Example: Handling Max Tokens

if message.stop_reason == "max_tokens":
    # Continue the conversation with the partial response
    messages.append({"role": "assistant", "content": message.content[0].text})
    messages.append({"role": "user", "content": "Please continue."})
    message = client.messages.create(
        model="claude-opus-4-7",
        max_tokens=1024,
        messages=messages
    )

Error Handling

Common API errors and how to handle them:

400 Bad Request: Invalid parameters (e.g., prefill on unsupported model)
401 Unauthorized: Invalid API key
429 Rate Limit: Too many requests — implement exponential backoff
500 Internal Server Error: Temporary issue — retry with backoff

import time
from anthropic import Anthropic, APIError, RateLimitError
client = Anthropic()
for attempt in range(3):
    try:
        message = client.messages.create(
            model="claude-opus-4-7",
            max_tokens=1024,
            messages=[{"role": "user", "content": "Hello"}]
        )
        break
    except RateLimitError:
        time.sleep(2 ** attempt)
    except APIError as e:
        print(f"API error: {e}")
        break

Key Takeaways

The Messages API is stateless — always send the full conversation history.
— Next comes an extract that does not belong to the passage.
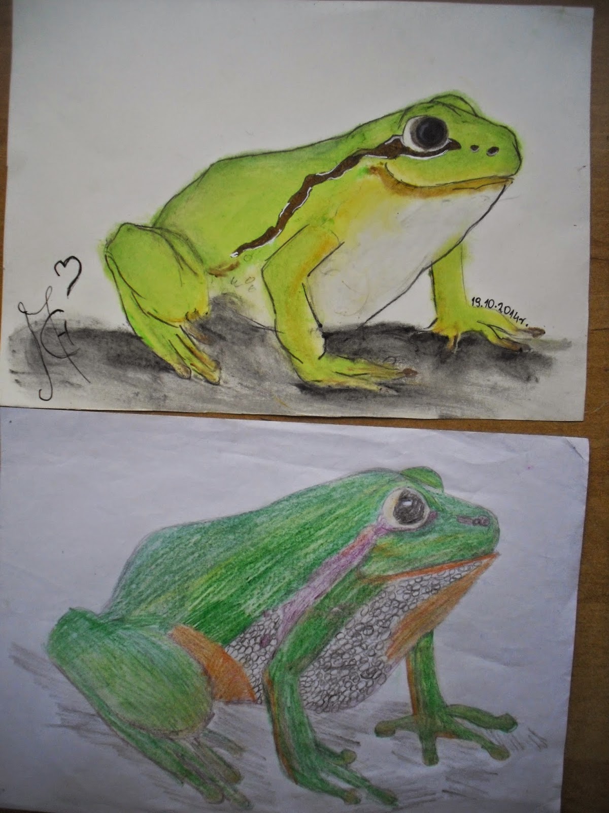 Już kiedyś rysowałam taką żabkę macie porównanie dzisiejszego rysunku z rysunkiem z 2012 trochę chyba jednak podszkoliłam swoje zdolności :)

Manage context carefully to avoid token waste.
Prefill is powerful but limited — use it for constrained outputs, but migrate to structured outputs or system prompts for unsupported models.
Vision capabilities let Claude analyze images — combine with text prompts for best results, and be mindful of token costs.
Handle stop reasons to build robust applications — especially max_tokens for long responses and tool_use for agent workflows.
Implement error handling with retry logic for rate limits and transient errors to ensure reliable API usage.